Dataset items:
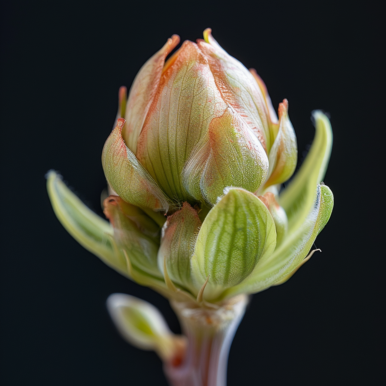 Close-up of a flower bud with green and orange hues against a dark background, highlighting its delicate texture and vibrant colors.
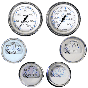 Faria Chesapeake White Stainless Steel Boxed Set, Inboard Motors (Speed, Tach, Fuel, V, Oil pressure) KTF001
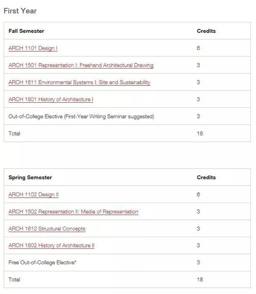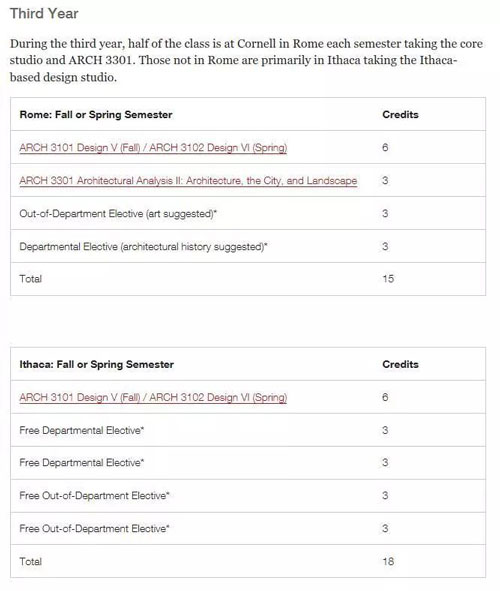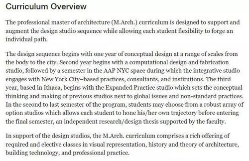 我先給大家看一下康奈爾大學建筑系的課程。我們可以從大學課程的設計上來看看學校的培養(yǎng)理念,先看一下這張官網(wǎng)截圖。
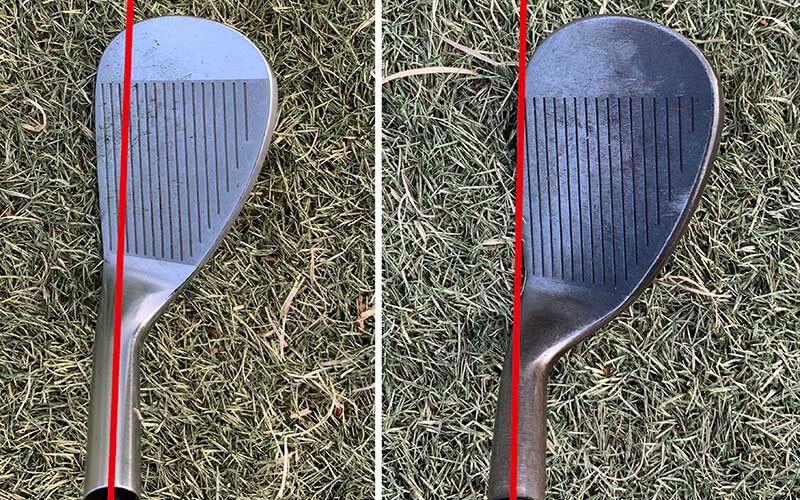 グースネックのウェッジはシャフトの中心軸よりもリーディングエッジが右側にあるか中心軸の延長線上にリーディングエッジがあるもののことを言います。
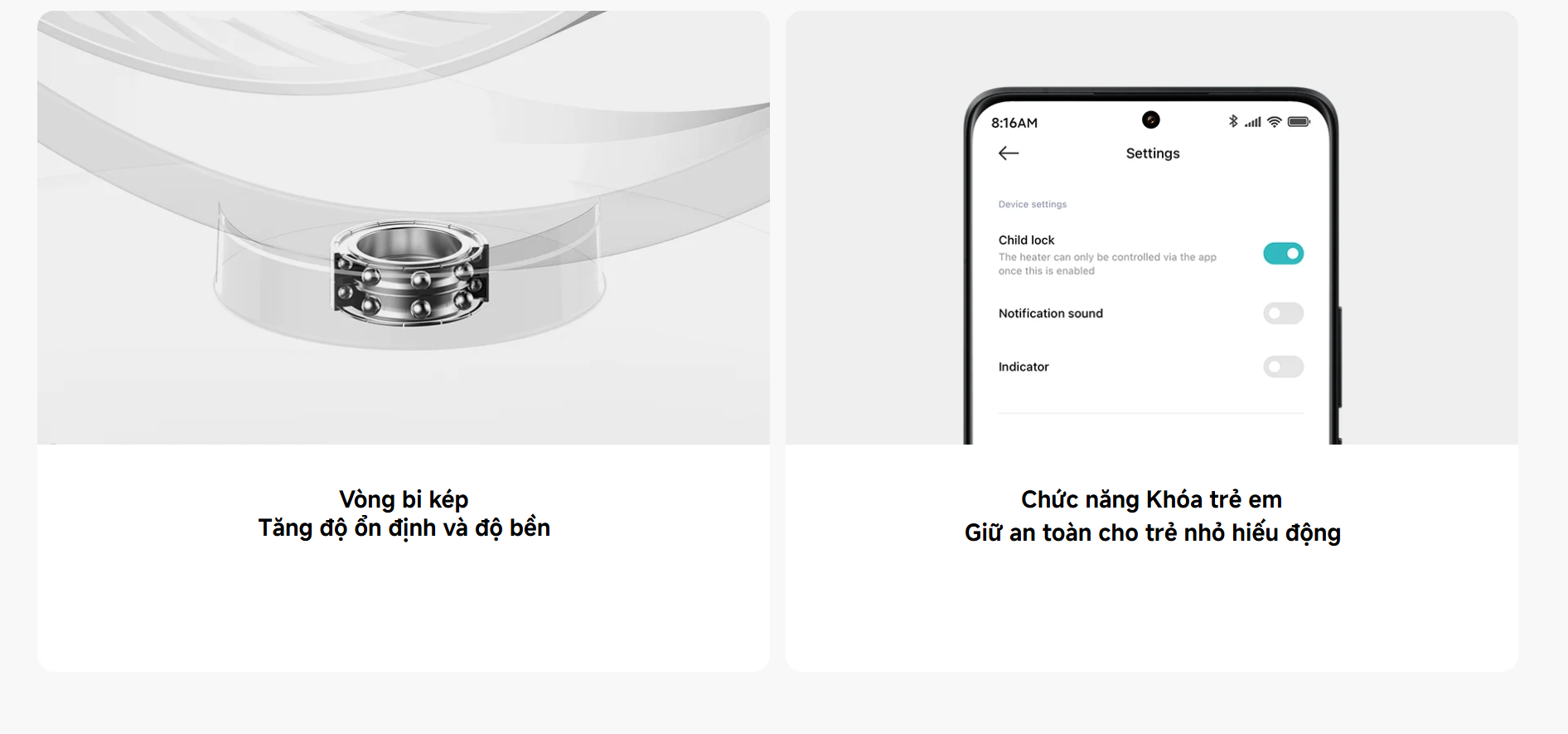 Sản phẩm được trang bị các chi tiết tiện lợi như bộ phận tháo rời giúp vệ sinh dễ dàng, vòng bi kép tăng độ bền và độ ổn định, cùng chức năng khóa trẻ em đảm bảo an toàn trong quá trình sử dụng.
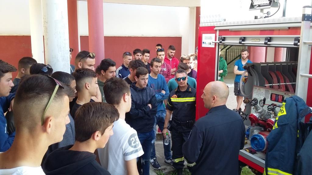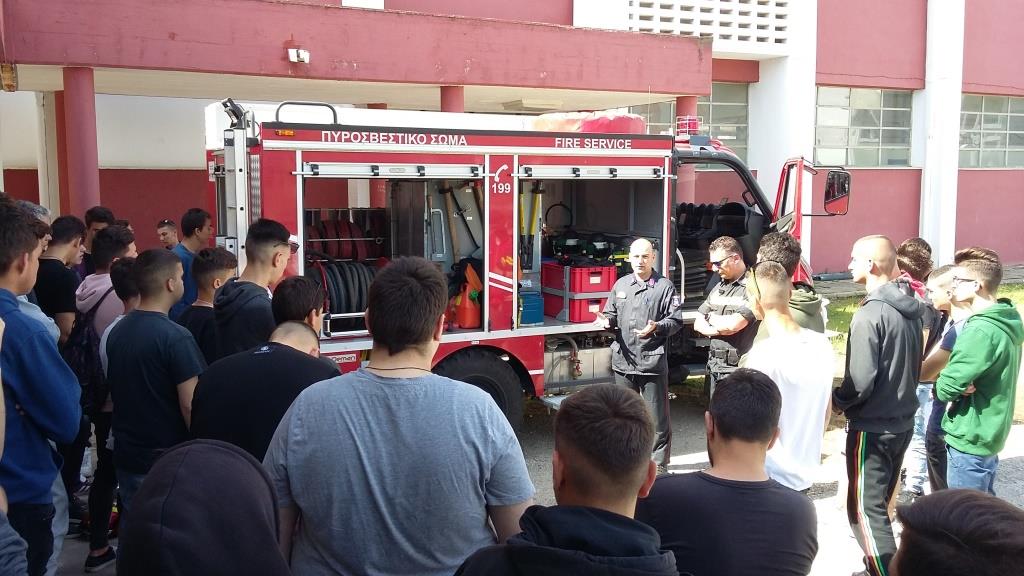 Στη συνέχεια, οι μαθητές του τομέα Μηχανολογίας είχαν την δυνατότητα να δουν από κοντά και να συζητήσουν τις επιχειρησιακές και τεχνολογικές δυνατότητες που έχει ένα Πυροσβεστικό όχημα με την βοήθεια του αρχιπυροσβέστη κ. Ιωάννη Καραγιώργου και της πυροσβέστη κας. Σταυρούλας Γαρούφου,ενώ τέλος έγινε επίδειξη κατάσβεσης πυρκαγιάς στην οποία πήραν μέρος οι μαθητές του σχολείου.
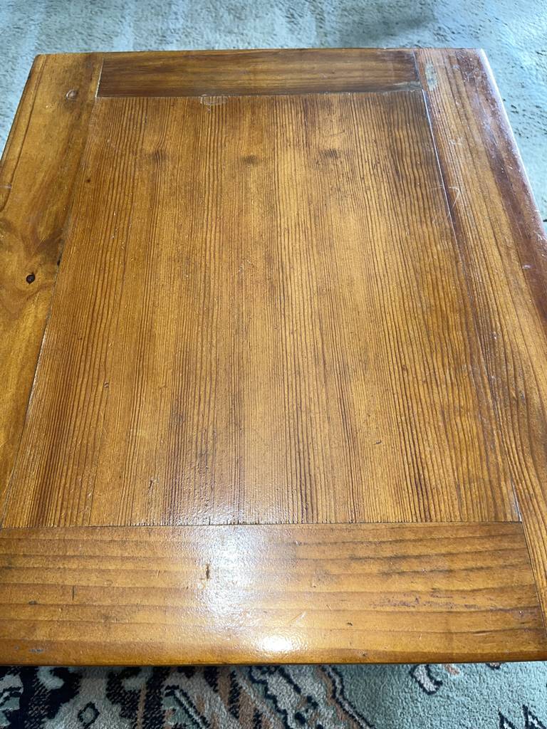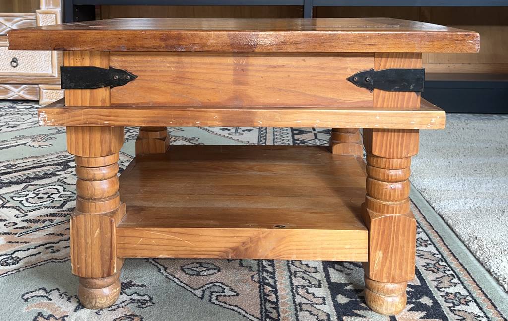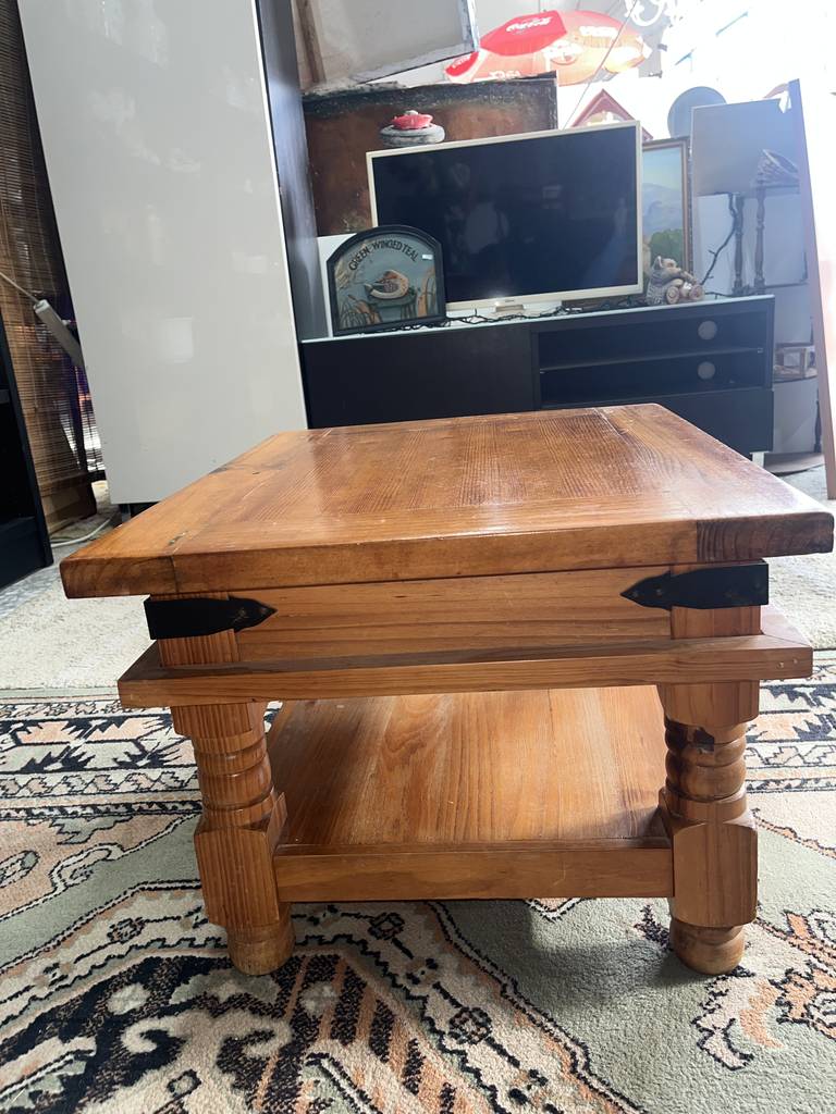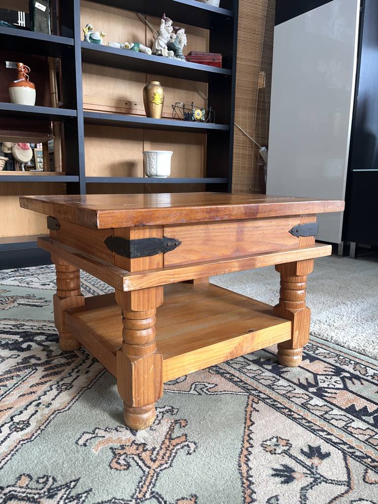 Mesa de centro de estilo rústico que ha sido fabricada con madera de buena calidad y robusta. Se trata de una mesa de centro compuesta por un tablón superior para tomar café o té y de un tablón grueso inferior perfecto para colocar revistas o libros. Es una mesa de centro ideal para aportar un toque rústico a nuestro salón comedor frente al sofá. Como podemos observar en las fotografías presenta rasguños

**Task details**
From the opening line of the entries above to the line containing "Faria Chesapeake White", please transcribe each line exactly, skipping every picture.

**Written answer**
 Close-up of a flower bud with green and orange hues against a dark background, highlighting its delicate texture and vibrant colors.
 Faria Chesapeake White Stainless Steel Boxed Set, Inboard Motors (Speed, Tach, Fuel, V, Oil pressure) KTF001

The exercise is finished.